### TO DO
All of the data below should be printed again word for word, pictures excluded.

### DATA SECTION
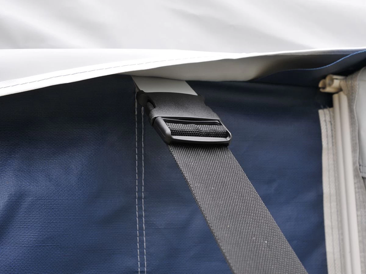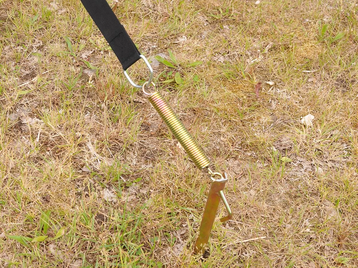 Je bevestigt de stormband gemakkelijk met behulp van de gespen en de meegeleverde haringen en stormbandveren. De haringen zijn van een stevige en zware kwaliteit zodat je je voortent goed kunt verankeren. De spanbanden hebben tevens een spanmogelijkheid zodat je na het bevestigen de stormband nog eens goed kunt aanspannen.
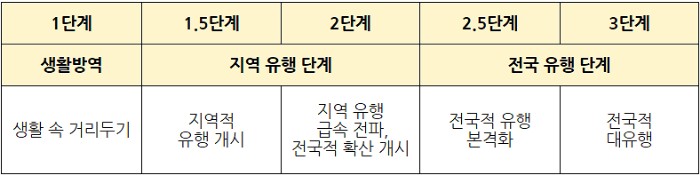 3단계의 경우 2단계를 지나 전국적 유행이 본격화가 이루어질 때 사회적 거리두기 3단계를 적용합니다.
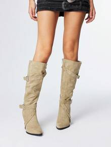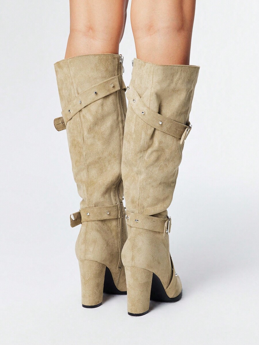 Grunge Punk Stivali alti sopra il ginocchio da donna con tacco chunky e punta affusolata, modello 2025, con fibbia e suola antiscivolo, versatili e adatti per cavalcare

### ANSWER TO THIS PROBLEM
 Je bevestigt de stormband gemakkelijk met behulp van de gespen en de meegeleverde haringen en stormbandveren. De haringen zijn van een stevige en zware kwaliteit zodat je je voortent goed kunt verankeren. De spanbanden hebben tevens een spanmogelijkheid zodat je na het bevestigen de stormband nog eens goed kunt aanspannen.
 3단계의 경우 2단계를 지나 전국적 유행이 본격화가 이루어질 때 사회적 거리두기 3단계를 적용합니다.
 Grunge Punk Stivali alti sopra il ginocchio da donna con tacco chunky e punta affusolata, modello 2025, con fibbia e suola antiscivolo, versatili e adatti per cavalcare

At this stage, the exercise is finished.